# WHAT THE TASK ASKS:
Set out exactly, line by line, the stretch of data below that begins at the line containing "Estas belas cartões" and ends at the line containing "当地农民把基本农田建设得非常", with both ends kept.

(SOURCE RECORDS)

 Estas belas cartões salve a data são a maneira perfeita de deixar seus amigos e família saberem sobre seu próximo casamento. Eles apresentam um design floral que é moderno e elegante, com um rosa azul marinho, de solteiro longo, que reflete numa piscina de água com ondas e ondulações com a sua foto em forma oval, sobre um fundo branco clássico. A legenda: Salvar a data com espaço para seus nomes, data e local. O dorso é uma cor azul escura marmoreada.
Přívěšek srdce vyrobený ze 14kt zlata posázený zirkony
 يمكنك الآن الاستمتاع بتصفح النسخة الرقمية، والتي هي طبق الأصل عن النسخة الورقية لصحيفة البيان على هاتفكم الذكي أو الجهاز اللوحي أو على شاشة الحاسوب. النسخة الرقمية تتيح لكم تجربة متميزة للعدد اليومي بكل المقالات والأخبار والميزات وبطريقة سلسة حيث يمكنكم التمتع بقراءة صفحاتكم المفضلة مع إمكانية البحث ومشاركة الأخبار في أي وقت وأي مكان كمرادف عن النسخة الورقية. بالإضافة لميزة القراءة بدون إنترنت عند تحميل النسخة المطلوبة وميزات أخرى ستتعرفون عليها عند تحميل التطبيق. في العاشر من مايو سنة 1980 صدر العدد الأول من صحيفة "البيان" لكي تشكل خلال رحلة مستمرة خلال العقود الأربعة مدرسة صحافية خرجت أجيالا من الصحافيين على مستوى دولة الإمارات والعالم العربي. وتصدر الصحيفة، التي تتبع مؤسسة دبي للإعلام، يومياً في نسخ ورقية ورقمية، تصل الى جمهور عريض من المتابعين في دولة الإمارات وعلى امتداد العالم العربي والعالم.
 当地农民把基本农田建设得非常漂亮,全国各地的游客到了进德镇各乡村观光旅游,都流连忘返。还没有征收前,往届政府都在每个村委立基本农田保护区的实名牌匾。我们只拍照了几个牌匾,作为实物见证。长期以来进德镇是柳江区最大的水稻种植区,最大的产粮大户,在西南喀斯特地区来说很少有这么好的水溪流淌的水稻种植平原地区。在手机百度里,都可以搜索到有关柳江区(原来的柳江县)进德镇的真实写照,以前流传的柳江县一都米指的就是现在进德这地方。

(End SOURCE RECORDS)
(SOURCE RECORDS)

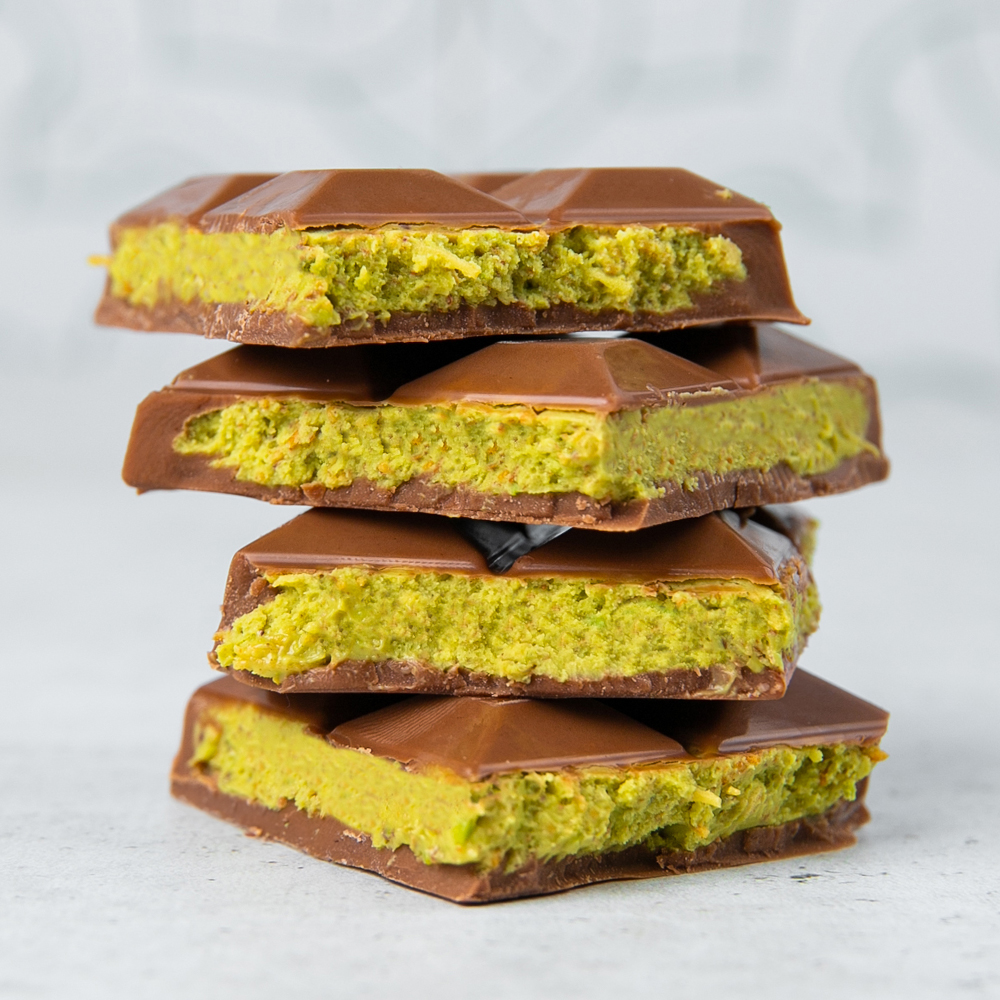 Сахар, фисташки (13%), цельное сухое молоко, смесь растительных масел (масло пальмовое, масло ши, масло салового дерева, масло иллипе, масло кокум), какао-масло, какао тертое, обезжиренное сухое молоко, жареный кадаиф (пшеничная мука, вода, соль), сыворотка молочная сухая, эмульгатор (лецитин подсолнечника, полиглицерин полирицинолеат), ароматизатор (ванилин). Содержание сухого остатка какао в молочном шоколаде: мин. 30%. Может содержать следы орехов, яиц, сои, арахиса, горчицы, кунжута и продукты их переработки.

(End SOURCE RECORDS)

# ANSWER AREA:
 Estas belas cartões salve a data são a maneira perfeita de deixar seus amigos e família saberem sobre seu próximo casamento. Eles apresentam um design floral que é moderno e elegante, com um rosa azul marinho, de solteiro longo, que reflete numa piscina de água com ondas e ondulações com a sua foto em forma oval, sobre um fundo branco clássico. A legenda: Salvar a data com espaço para seus nomes, data e local. O dorso é uma cor azul escura marmoreada.
Přívěšek srdce vyrobený ze 14kt zlata posázený zirkony
 يمكنك الآن الاستمتاع بتصفح النسخة الرقمية، والتي هي طبق الأصل عن النسخة الورقية لصحيفة البيان على هاتفكم الذكي أو الجهاز اللوحي أو على شاشة الحاسوب. النسخة الرقمية تتيح لكم تجربة متميزة للعدد اليومي بكل المقالات والأخبار والميزات وبطريقة سلسة حيث يمكنكم التمتع بقراءة صفحاتكم المفضلة مع إمكانية البحث ومشاركة الأخبار في أي وقت وأي مكان كمرادف عن النسخة الورقية. بالإضافة لميزة القراءة بدون إنترنت عند تحميل النسخة المطلوبة وميزات أخرى ستتعرفون عليها عند تحميل التطبيق. في العاشر من مايو سنة 1980 صدر العدد الأول من صحيفة "البيان" لكي تشكل خلال رحلة مستمرة خلال العقود الأربعة مدرسة صحافية خرجت أجيالا من الصحافيين على مستوى دولة الإمارات والعالم العربي. وتصدر الصحيفة، التي تتبع مؤسسة دبي للإعلام، يومياً في نسخ ورقية ورقمية، تصل الى جمهور عريض من المتابعين في دولة الإمارات وعلى امتداد العالم العربي والعالم.
 当地农民把基本农田建设得非常漂亮,全国各地的游客到了进德镇各乡村观光旅游,都流连忘返。还没有征收前,往届政府都在每个村委立基本农田保护区的实名牌匾。我们只拍照了几个牌匾,作为实物见证。长期以来进德镇是柳江区最大的水稻种植区,最大的产粮大户,在西南喀斯特地区来说很少有这么好的水溪流淌的水稻种植平原地区。在手机百度里,都可以搜索到有关柳江区(原来的柳江县)进德镇的真实写照,以前流传的柳江县一都米指的就是现在进德这地方。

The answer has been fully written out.